Finally, you should also agree on a rough timeline. A usual project can look like:
Phase | Approximate Duration |
---|---|
Send out call for applications | |
Collecting applications | 1.5-2 weeks |
Team selection | 1 week |
Onboarding + coordination of kickoff | 1-5 weeks |
Kickoff workshop | either online (1-3 hours or projectcycle kickoff) or a in-person weekend |
Project work | 1-6 months |
Handover workshop | either online (1-3 hours) or a in-person meeting (1-3 hours) |
Follow-up | immediately after handover workshop and after several months |
Please always add in a bit of buffer. Holidays etc. are a thing, so you shouldn't plan with all volunteers working 3-5 hours on the project all weeks.
Deadlines can be helpful!
If the organization has a certain deadline (e.g. the launch of a new website, their annual members meeting), use it to mark the end of the project. This way, the project team has a clear goal to work towards!

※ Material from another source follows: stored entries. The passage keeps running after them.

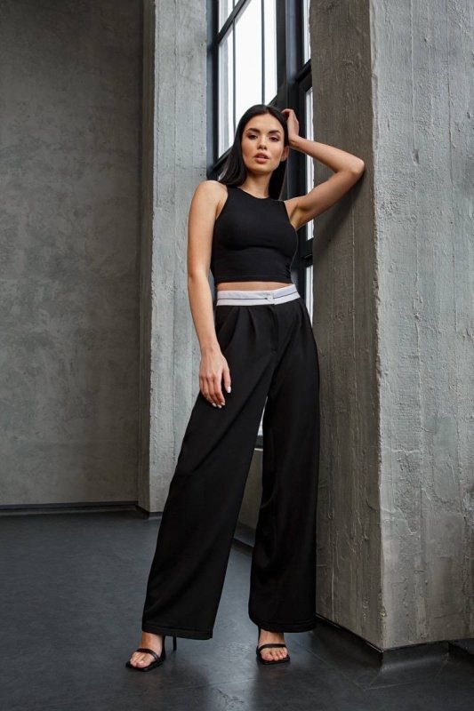 Широкие брюки с защипами в поясе и корсажной лентой – отличный выбор для женщин, которые хотят выглядеть элегантно и стильно. Брюки имеют удобный пояс на корсажной ленте, подчеркивающий талию и создающий идеальный силуэт. Защипы на поясе и широкие штанины придают нотку оригинальности и делают эту модель незаменимой в вашем гардеробе. Брюки доступны в черном и разных размерах, чтобы вы могли найти идеальный размер для себя.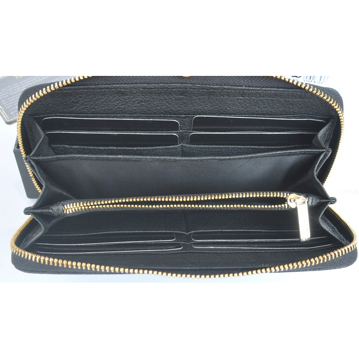 2014 Chanel Matelasse Zip Around Wallet Original Elephant pattern Leather C9559 Black
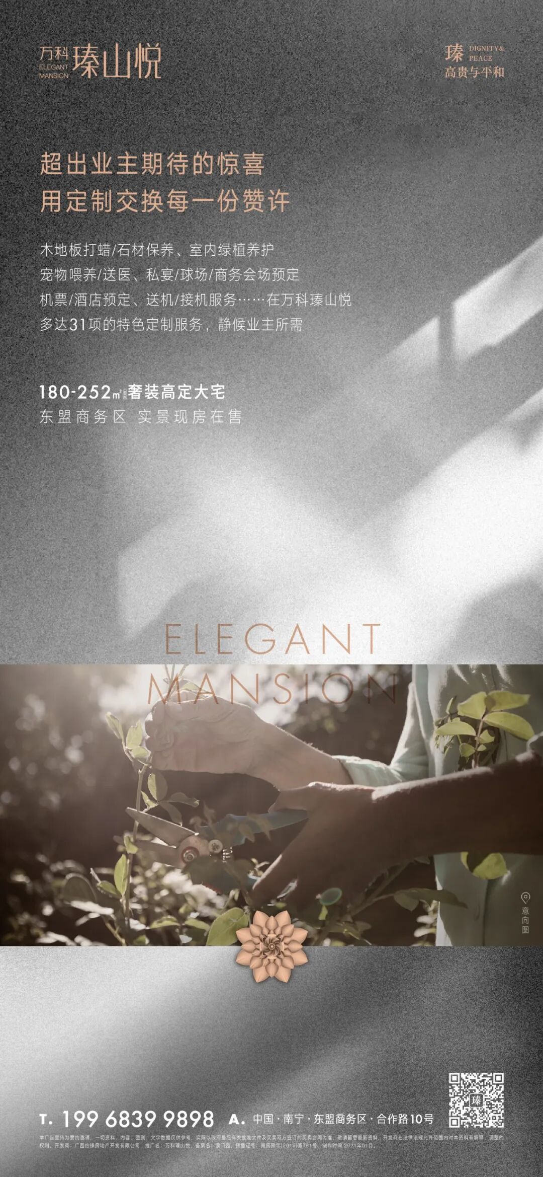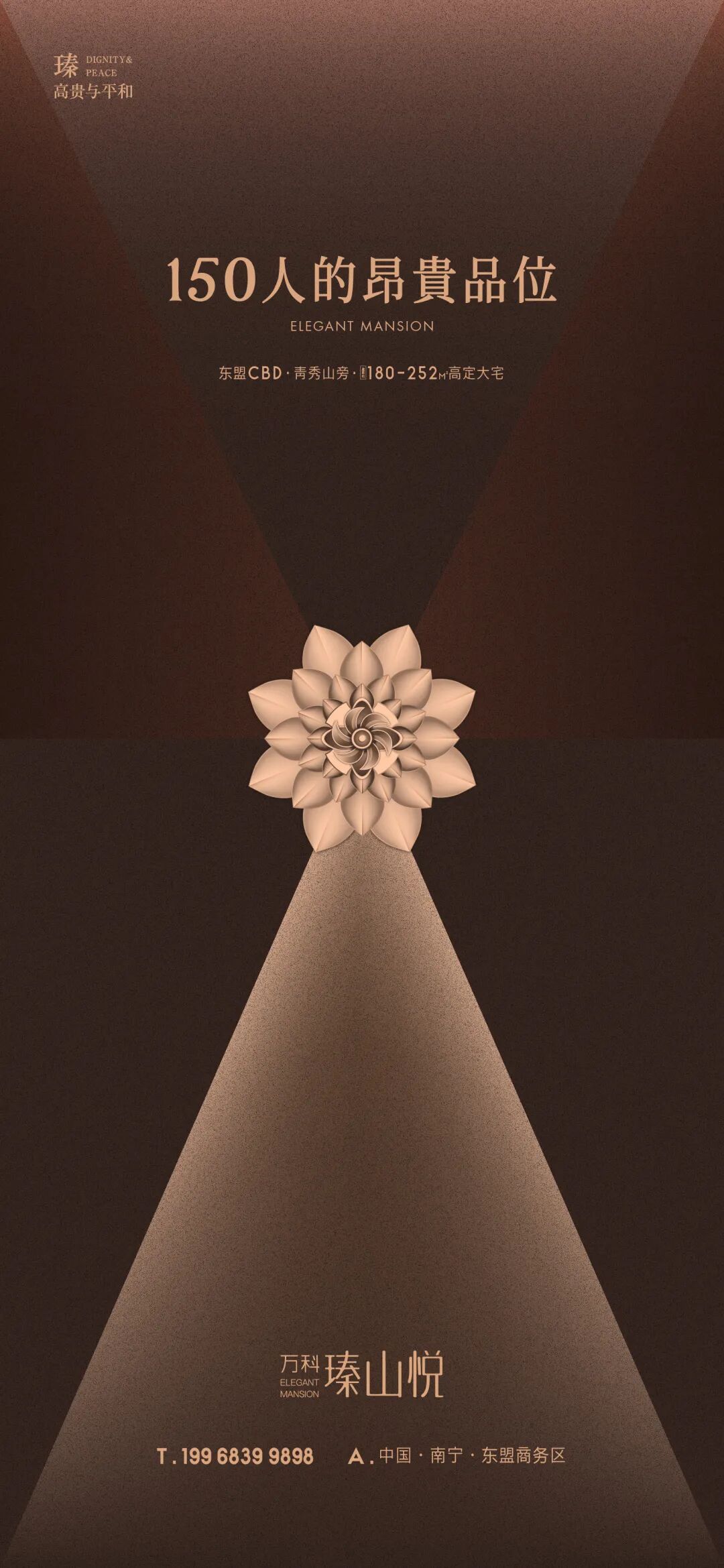 主广告语“150人的昂贵品位”,从精神角度出发,廓定一个时代的南宁塔尖群像;我们引入时尚界的高定(Haute Couture)概念作为瑧山悦的属定表达,将定制化、非标化、专属化的价值内核展露无遗。

A project needs a team. Before you send out the call for applications, you should define roughly how you would like the team to look like.
Usually, CorrelAid teams consist of 4-6 people, but there can also be smaller teams (e.g. a two-person team) or larger teams if the project is very comprehensive and there are several sub-projects that can be worked on simultaneously.

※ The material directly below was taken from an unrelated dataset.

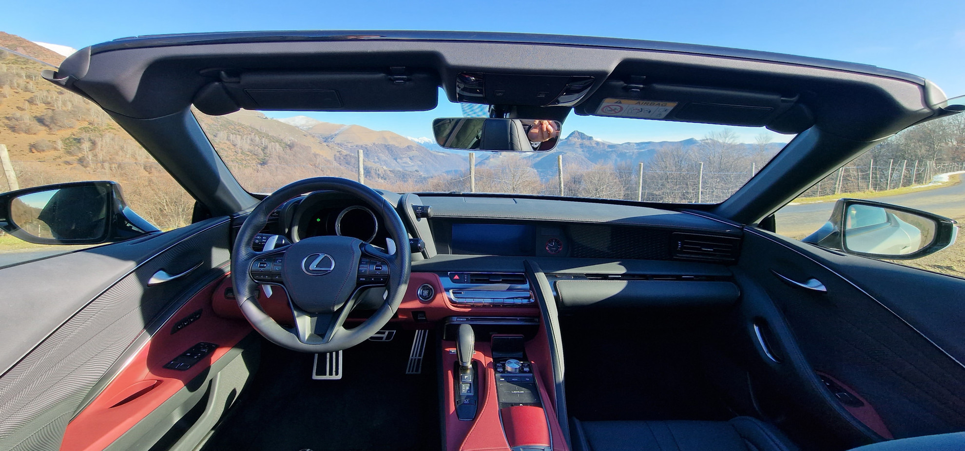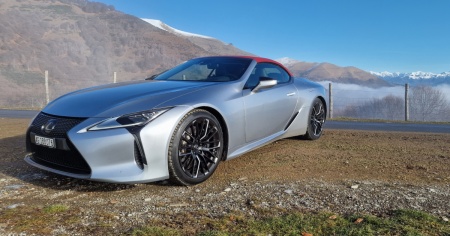 Arrivo al concessionario e la vedo in bella vista parcheggiata a lato della strada cantonale e sembra dirmi "Eccomi qui". La osservo per qualche istante e mi accorgo che è lunga, molto lunga rispetto a una qualsiasi altra cabrio in circolazione. Il cofano è allungato e mi sembra di vedere una delle vecchie Corvette con i musi interminabili. Ma questa è una Lexus e dopo tutto le dimensioni la rendono esteticamente molto interessante. La apro con il telecomando e la maniglia a scomparsa esce. Apro la portiera ed entro con un po' di fatica perché è bassa, molto bassa. All'interno il lusso la fa da padrone, la pelle rossa e nera è molto confortevole al tatto. Bella e soprattutto confortevole. L'abitacolo è molto spazioso per conducente e passeggero, il sedile è decisamente comodo. Dò un'occhiata dietro e sorrido... Forse due persone molto piccole potrebbero starci, ma come detto questo bolide non è fatto per una famiglia ma per una coppia a cui piace il lusso, la potenza e la comodità. La accendo con il tasto che si trova sulla destra del volante e il rombo si fa sentire. WOW! Premo leggermente sull'acceleratore e il V8 benzina ci dona un sound strepitoso. Parto in modalità Eco per prenderci un po' la mano e percorro come sempre i primi chilometri con questa modalità. Dimostra di avere una guida piuttosto fluida che si addice a una gran turismo, ma non abbastanza brusca da soddisfare il guerriero del fine settimana che c'è in voi. Buona l'insonorizzazione, all'interno i rumori esterni non si sentono e il rombo si fa sentire ma non troppo. Decido di abbassare la capotte in movimento fino a 35 km/h. Meglio, molto meglio, adesso sono pronto per evocare il lato oscuro di questa LC e attivo la modalità Sport S+ che sprigiona tutti i 465 cavalli a disposizione e la irrigidisce mostrando tutta la sua maneggevolezza in qualsiasi situazione. Sembra incollata alla strada ma attenzione alla trazione posteriore! La potenza, il rombo e la maneggevolezza la fanno da padrone. A ogni cambio di marcia lo scarico emette un colpo tipico del V8. Eccezionale. Sia in automatico che sfruttando le palette il cambio di marcia è velocissimo. In curva sembra incollata alla strada ma soprattutto senza capotte il sound è strepitoso.

Team size - always overstaff!
Previous experience has shown that there is usually a "loss" of 1-2 people over the course of a project. Hence, if in doubt whether you want
x
or x+1
people on the team, rather go with x+1
. Rather overstaff than understaff!With regards to skills, it can be useful to think of different "roles" that you want to fill. In a typical CorrelAid project, there are three types of team roles:
- project lead / team lead: The project lead is a team member that has some additional responsibilities such as coordination of the team, being the primary contact person of the organization, and reporting back to the project coordinator (aka you). Usually, the project lead is also a more experienced data scientist who can help others with technical problems but this doesn't have to be the case. The project lead can also be someone who is very knowledgable and has high domain expertise.
- team member: "regular" team member: upper beginner level, mid-level and experienced data scientists / data analysts.
- team trainee: at least one position in every CorrelAid project is reserved for less experienced data scientists who are just at the start of their data science journey.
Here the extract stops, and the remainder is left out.